[Extracted records]
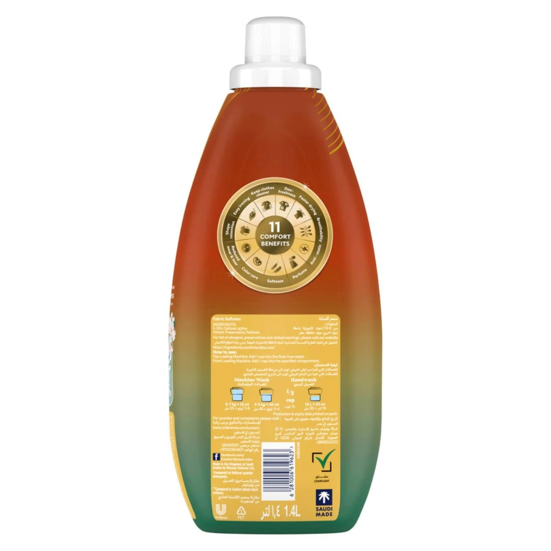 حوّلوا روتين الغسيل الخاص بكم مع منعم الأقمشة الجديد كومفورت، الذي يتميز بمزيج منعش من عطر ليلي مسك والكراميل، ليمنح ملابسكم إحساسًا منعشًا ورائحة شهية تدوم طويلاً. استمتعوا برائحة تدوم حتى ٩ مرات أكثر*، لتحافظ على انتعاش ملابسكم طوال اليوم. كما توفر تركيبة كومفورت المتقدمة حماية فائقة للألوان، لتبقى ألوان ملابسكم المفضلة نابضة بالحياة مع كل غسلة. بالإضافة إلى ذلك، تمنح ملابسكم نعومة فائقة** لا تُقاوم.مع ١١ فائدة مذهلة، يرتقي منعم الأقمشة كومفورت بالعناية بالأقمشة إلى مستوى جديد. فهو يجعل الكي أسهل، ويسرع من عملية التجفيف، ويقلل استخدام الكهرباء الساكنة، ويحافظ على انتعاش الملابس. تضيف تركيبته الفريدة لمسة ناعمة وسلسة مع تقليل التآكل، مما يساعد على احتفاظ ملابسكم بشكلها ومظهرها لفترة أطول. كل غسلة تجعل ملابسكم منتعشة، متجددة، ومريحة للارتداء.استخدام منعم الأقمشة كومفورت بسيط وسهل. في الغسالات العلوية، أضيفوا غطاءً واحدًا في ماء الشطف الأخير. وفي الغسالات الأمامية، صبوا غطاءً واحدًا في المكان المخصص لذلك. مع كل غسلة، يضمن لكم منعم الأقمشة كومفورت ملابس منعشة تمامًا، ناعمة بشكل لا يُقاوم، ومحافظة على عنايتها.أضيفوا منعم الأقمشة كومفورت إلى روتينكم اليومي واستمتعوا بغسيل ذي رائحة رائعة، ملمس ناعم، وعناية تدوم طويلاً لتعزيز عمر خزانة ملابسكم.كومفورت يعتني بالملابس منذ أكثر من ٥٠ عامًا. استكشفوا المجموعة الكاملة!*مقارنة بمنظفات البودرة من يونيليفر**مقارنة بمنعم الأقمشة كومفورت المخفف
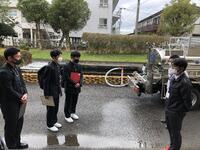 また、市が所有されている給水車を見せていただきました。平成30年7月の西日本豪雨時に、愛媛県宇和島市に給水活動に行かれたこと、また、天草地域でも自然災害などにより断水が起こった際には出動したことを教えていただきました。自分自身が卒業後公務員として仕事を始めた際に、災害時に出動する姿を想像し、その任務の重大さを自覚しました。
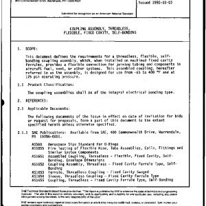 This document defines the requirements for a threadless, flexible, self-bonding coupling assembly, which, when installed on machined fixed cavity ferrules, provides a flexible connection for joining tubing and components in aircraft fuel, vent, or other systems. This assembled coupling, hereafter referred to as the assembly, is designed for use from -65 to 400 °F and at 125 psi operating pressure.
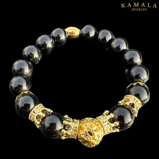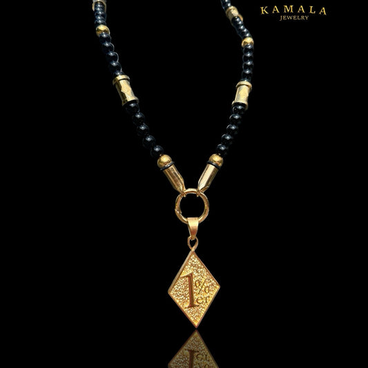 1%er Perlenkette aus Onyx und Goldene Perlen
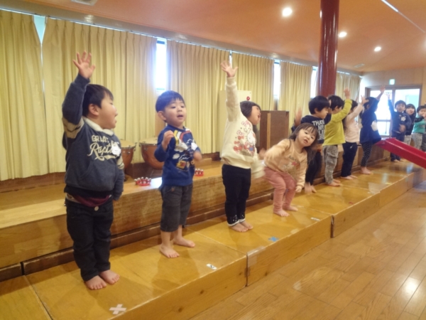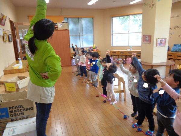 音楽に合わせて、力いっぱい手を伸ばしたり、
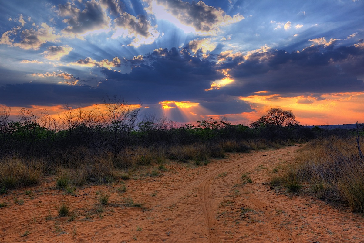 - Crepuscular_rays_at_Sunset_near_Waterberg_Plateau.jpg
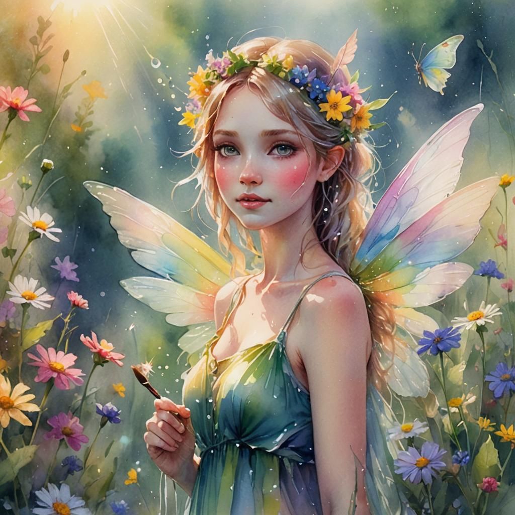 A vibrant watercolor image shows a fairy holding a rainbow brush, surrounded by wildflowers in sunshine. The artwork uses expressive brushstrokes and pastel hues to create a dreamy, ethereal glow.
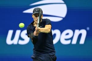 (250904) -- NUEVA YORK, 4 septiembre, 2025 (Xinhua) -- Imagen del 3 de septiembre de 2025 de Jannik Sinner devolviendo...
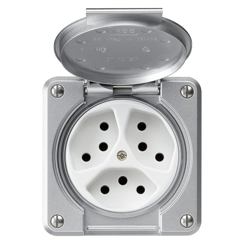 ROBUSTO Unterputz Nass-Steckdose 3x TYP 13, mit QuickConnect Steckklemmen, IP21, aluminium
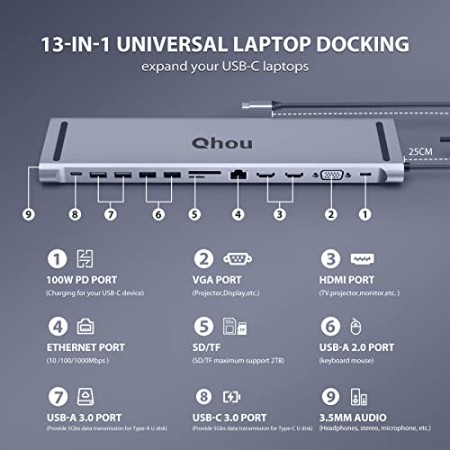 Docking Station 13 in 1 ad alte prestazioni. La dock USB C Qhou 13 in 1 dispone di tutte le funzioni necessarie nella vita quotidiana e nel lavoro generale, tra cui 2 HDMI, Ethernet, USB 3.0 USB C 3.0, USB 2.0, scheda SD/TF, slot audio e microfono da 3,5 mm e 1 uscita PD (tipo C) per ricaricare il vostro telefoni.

WHAT YOU WILL DO → All records should be output exactly, with the pictures left out.

TASK RESPONSE →
 حوّلوا روتين الغسيل الخاص بكم مع منعم الأقمشة الجديد كومفورت، الذي يتميز بمزيج منعش من عطر ليلي مسك والكراميل، ليمنح ملابسكم إحساسًا منعشًا ورائحة شهية تدوم طويلاً. استمتعوا برائحة تدوم حتى ٩ مرات أكثر*، لتحافظ على انتعاش ملابسكم طوال اليوم. كما توفر تركيبة كومفورت المتقدمة حماية فائقة للألوان، لتبقى ألوان ملابسكم المفضلة نابضة بالحياة مع كل غسلة. بالإضافة إلى ذلك، تمنح ملابسكم نعومة فائقة** لا تُقاوم.مع ١١ فائدة مذهلة، يرتقي منعم الأقمشة كومفورت بالعناية بالأقمشة إلى مستوى جديد. فهو يجعل الكي أسهل، ويسرع من عملية التجفيف، ويقلل استخدام الكهرباء الساكنة، ويحافظ على انتعاش الملابس. تضيف تركيبته الفريدة لمسة ناعمة وسلسة مع تقليل التآكل، مما يساعد على احتفاظ ملابسكم بشكلها ومظهرها لفترة أطول. كل غسلة تجعل ملابسكم منتعشة، متجددة، ومريحة للارتداء.استخدام منعم الأقمشة كومفورت بسيط وسهل. في الغسالات العلوية، أضيفوا غطاءً واحدًا في ماء الشطف الأخير. وفي الغسالات الأمامية، صبوا غطاءً واحدًا في المكان المخصص لذلك. مع كل غسلة، يضمن لكم منعم الأقمشة كومفورت ملابس منعشة تمامًا، ناعمة بشكل لا يُقاوم، ومحافظة على عنايتها.أضيفوا منعم الأقمشة كومفورت إلى روتينكم اليومي واستمتعوا بغسيل ذي رائحة رائعة، ملمس ناعم، وعناية تدوم طويلاً لتعزيز عمر خزانة ملابسكم.كومفورت يعتني بالملابس منذ أكثر من ٥٠ عامًا. استكشفوا المجموعة الكاملة!*مقارنة بمنظفات البودرة من يونيليفر**مقارنة بمنعم الأقمشة كومفورت المخفف
 また、市が所有されている給水車を見せていただきました。平成30年7月の西日本豪雨時に、愛媛県宇和島市に給水活動に行かれたこと、また、天草地域でも自然災害などにより断水が起こった際には出動したことを教えていただきました。自分自身が卒業後公務員として仕事を始めた際に、災害時に出動する姿を想像し、その任務の重大さを自覚しました。
 This document defines the requirements for a threadless, flexible, self-bonding coupling assembly, which, when installed on machined fixed cavity ferrules, provides a flexible connection for joining tubing and components in aircraft fuel, vent, or other systems. This assembled coupling, hereafter referred to as the assembly, is designed for use from -65 to 400 °F and at 125 psi operating pressure.
 1%er Perlenkette aus Onyx und Goldene Perlen
 音楽に合わせて、力いっぱい手を伸ばしたり、
 - Crepuscular_rays_at_Sunset_near_Waterberg_Plateau.jpg
 A vibrant watercolor image shows a fairy holding a rainbow brush, surrounded by wildflowers in sunshine. The artwork uses expressive brushstrokes and pastel hues to create a dreamy, ethereal glow.
 (250904) -- NUEVA YORK, 4 septiembre, 2025 (Xinhua) -- Imagen del 3 de septiembre de 2025 de Jannik Sinner devolviendo...
 ROBUSTO Unterputz Nass-Steckdose 3x TYP 13, mit QuickConnect Steckklemmen, IP21, aluminium
 Docking Station 13 in 1 ad alte prestazioni. La dock USB C Qhou 13 in 1 dispone di tutte le funzioni necessarie nella vita quotidiana e nel lavoro generale, tra cui 2 HDMI, Ethernet, USB 3.0 USB C 3.0, USB 2.0, scheda SD/TF, slot audio e microfono da 3,5 mm e 1 uscita PD (tipo C) per ricaricare il vostro telefoni.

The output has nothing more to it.